Which country has better purchasing power for minimum wage workers, Dominican Republic or Papua New Guinea?
After adjusting for local prices using purchasing power parity (PPP), minimum wage workers in the Dominican Republic can afford more than those in Papua New Guinea. The PPP-adjusted rate is $4 in the Dominican Republic and $1 in Papua New Guinea. PPP converts wages into equivalent US dollar buying power, accounting for what a unit of currency actually buys locally. The 164% purchasing power gap means that even if the nominal wage in Papua New Guinea appears competitive, minimum wage workers there face greater constraints on day-to-day spending.
How do work hours compare between Dominican Republic and Papua New Guinea?
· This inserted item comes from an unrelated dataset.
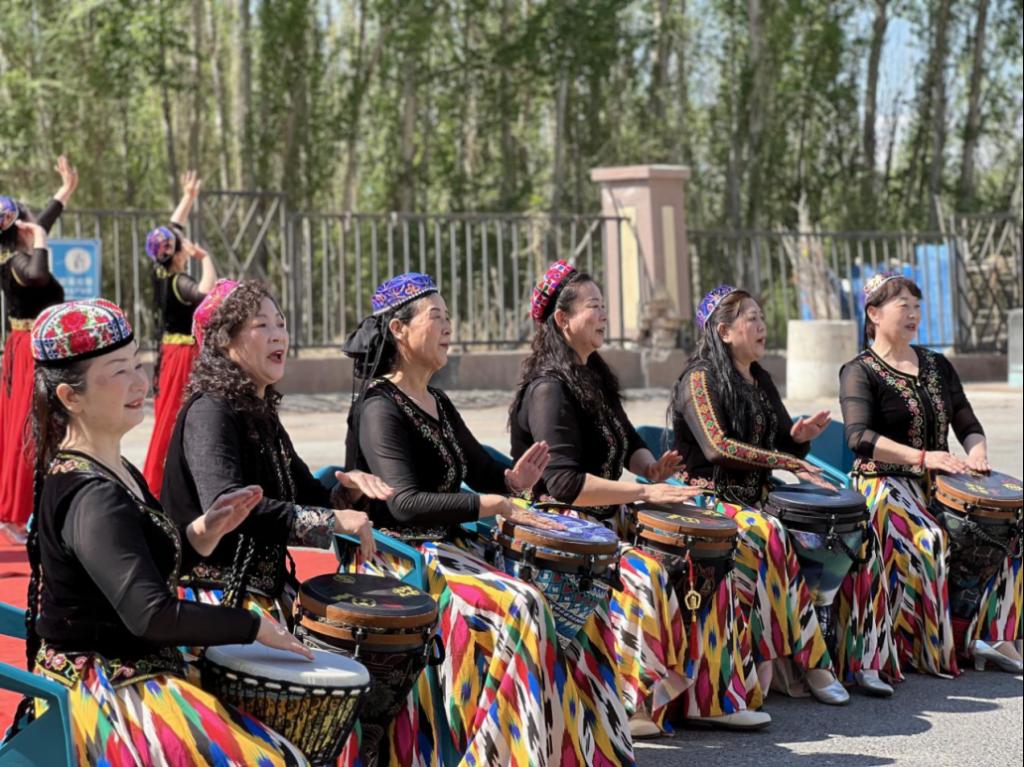 活动在欢快的维吾尔族传统鼓点中拉开序幕。舞蹈《天山月亮》以曼妙舞姿展现雪域高原的独特风情,赢得观众热烈掌声;现代舞《春之歌》通过灵动舞步演绎春日生机,令人耳目一新;健身气舞《我的祖国》刚柔并济,生动展现劳动者昂扬向上的精神风貌。鼓乐伴舞《新疆美》以热情奔放的节奏将演出推向高潮,艺术化呈现各族儿女团结奋进的时代画卷;压轴舞蹈《乌鲁木齐我爱你》用真挚情感抒发了对家乡的深情眷恋。整场演出在经久不息的掌声中圆满落幕。

Dominican Republic has a longer standard work week at 44 hours, compared to 40 hours in Papua New Guinea. Workers in the Dominican Republic work 44 hours per week by law. Longer mandatory hours can offset a nominally higher wage; a worker in Papua New Guinea working fewer hours may have comparable or better effective hourly earnings depending on the wage levels of each country. Total annual compensation depends on both the wage rate and the number of hours required.
What is the cost of living difference between Dominican Republic and Papua New Guinea?
While direct cost of living data varies by source, GDP per capita (PPP) gives a useful proxy for overall economic level. Dominican Republic has the higher GDP per capita at $27,542, which is 5.6x that of Papua New Guinea at $4,875. From the Dominican Republic's perspective, this means goods and services are priced at a higher economic level. A higher GDP per capita generally correlates with higher wages, higher consumer prices, and greater availability of goods and services. Workers moving between these two countries should expect significant differences in rent, food, and transportation costs.